Before I explain the steps I took, I just want to mention how this moment feels. I'm almost in a state of surprise that this day has arrived. It was nearly three weeks ago that I started building this course.
Don't get me wrong. There's still more work to do.
I must edit what I've done so far. I have a list of elements I need to add that I hadn't planned on originally. I also have to go through the whole thing imagining I'm a student to see if it makes sense. I have graphics to add and maybe a video or two to shoot too.
However, today is an important milestone.
It's a day of "almost completion." What's left feels more like polishing. I'm very far from the blank page.
I've shared my process for writing the main body of the course but I neglected to share my process for writing the introduction.
I won't make that mistake today.
Here's my process for writing the epilogue:
Ask “What thought do I want to leave them with?”
Boil it to one word
Find a story or analogy related to the one word
I answered the question "What thought do I want to leave them with?" My answer: Progress despite interruptions.
I boiled it down to one word "interruptions."
I then thought of examples of interruptions in my life. And since I was getting interrupted while writing the epilogue, I wrote about that and connected it to the idea that PARA lets you make progress despite the many interruptions life brings us.
That's it. I've included the full text below so you can see how it turned out.
If you've gotten this far, you're a champ.

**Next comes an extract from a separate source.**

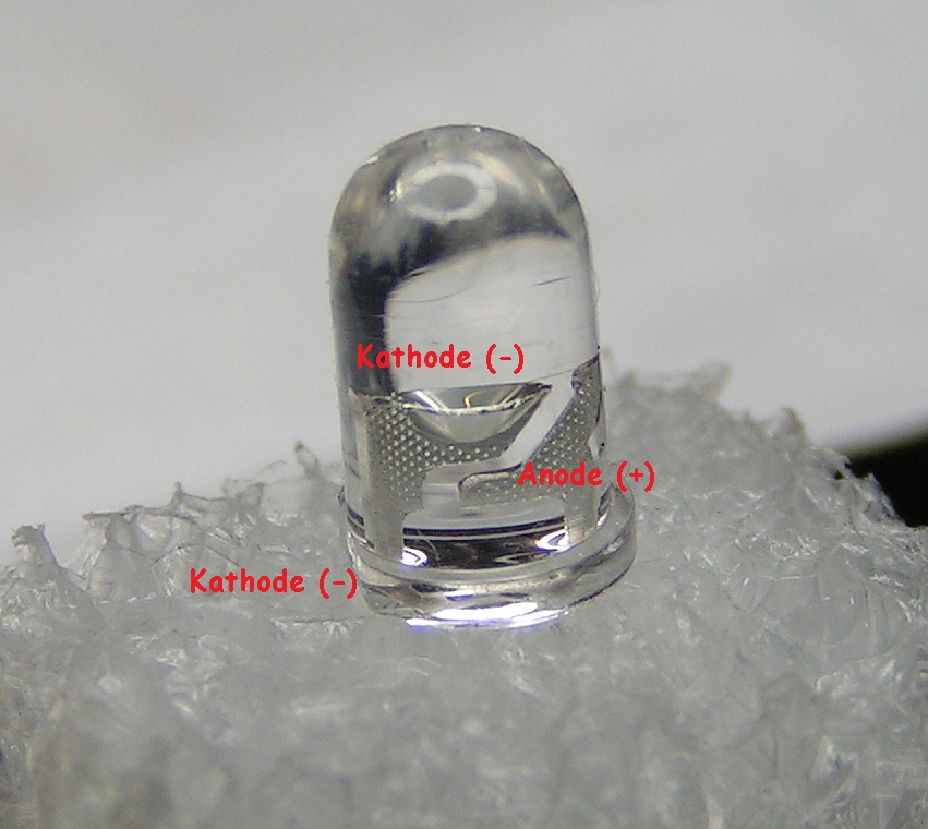 Meist ist die Kathode mit dem kürzeren Anschlussbein versehen oder hat eine leichte Abflachung am Gehäuse.

When I see that people are opening this newsletter each day, it motivates me to continue. So thanks for reading.
Until tomorrow,
Rodney
Epilogue
In the last hour or so, I've been interrupted in my work a half dozen times.
It's the Friday after Thanksgiving and the kids are home. However, in between fun and games with the little ones, I decided to get a some work done.
And that means inevitable interruptions.
In my daily work, there are far fewer breaks in my flow, the kids are in school and I work from home. Yet there are many responsibilities that interrupt my work on major projects.
For example, last year, during a quiet week, I started retooling a course I deliver annually. But days after I began, other projects took precedence and I couldn't get back to changing the course for months.
In the past, this would have meant a lot of lost time trying to find my place.
Time trying to remember the location of documents with specific ideas. Time to find all the feedback I'd collected. Time wasted trying to remember the next steps I'd planned to take.
But because of PARA, I knew exactly where these things were located. Everything was waiting for me in a folder dedicated to changing the course. I could make progress despite interruptions.
All of this was by design.
I'm definitely no super being. I'm not naturally organized. My desktop was once filled with dozens of items. I'd tried and failed many times to organize my work. PARA helped me finally clean up that mess.
But even more, it helped me get things done even when I have to work in spurts and starts.
Earlier in my career, I wouldn't start a project until I'd cleared enough time and space to work on it from start to finish.
But in recent years, that approach was no longer workable.
My low work periods were too short. I could put off starting a project until I had more "free time" but at the present rate the day I can freely work on a project might not arrive until I retire.
Like me, you probably don't have the luxury of taking a sabbatical to write a book, conceptualize a business or even retool a course. We have to get work done on our special projects whenever we can.
PARA lets you do this.
You now know how to organize your stuff so you can start when the iron is hot, even if you can't finish. You can keep collecting ideas until the day you are finally able to produce what you intended.
What's the next project you'll bring into your life?
Make a folder in PARA and put your thoughts down. Know that you'll be able to come back to that folder every time you have an idea, see or hear or read something relevant.
You now have a place to store it all.
Eventually, you'll have everything you need. There's no reason to put it off. Get started today.